DATA EXTRACTS →
============

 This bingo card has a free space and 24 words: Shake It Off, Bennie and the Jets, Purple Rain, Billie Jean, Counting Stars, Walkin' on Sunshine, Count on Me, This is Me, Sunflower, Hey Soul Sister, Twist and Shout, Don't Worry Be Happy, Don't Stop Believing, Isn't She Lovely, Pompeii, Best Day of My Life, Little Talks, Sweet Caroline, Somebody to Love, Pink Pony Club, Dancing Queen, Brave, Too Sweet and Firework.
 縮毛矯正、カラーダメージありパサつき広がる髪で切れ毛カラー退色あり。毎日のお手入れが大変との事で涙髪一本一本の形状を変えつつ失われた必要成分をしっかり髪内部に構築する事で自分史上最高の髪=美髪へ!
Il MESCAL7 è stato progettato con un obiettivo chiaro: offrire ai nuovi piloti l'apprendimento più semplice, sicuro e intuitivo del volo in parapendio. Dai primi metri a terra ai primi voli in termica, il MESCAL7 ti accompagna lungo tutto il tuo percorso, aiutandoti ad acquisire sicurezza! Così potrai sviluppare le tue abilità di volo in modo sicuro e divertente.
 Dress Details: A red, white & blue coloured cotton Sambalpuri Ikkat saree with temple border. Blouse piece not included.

============

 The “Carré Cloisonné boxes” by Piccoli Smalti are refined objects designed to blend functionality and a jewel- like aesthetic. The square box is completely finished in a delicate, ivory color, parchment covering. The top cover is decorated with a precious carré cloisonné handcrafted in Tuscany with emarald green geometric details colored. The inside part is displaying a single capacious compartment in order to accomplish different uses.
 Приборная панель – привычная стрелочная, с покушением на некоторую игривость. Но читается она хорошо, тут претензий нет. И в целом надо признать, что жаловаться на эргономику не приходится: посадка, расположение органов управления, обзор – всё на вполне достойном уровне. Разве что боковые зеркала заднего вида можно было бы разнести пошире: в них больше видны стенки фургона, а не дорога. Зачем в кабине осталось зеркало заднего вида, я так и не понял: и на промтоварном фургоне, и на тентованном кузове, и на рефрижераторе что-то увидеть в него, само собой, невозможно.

============

EXERCISE BRIEF → Reproduce exactly, and with no other material, the lines between those holding "Il MESCAL7 è" and "Dress Details: A", inclusive.

RESULT OF THE EXERCISE →
Il MESCAL7 è stato progettato con un obiettivo chiaro: offrire ai nuovi piloti l'apprendimento più semplice, sicuro e intuitivo del volo in parapendio. Dai primi metri a terra ai primi voli in termica, il MESCAL7 ti accompagna lungo tutto il tuo percorso, aiutandoti ad acquisire sicurezza! Così potrai sviluppare le tue abilità di volo in modo sicuro e divertente.
 Dress Details: A red, white & blue coloured cotton Sambalpuri Ikkat saree with temple border. Blouse piece not included.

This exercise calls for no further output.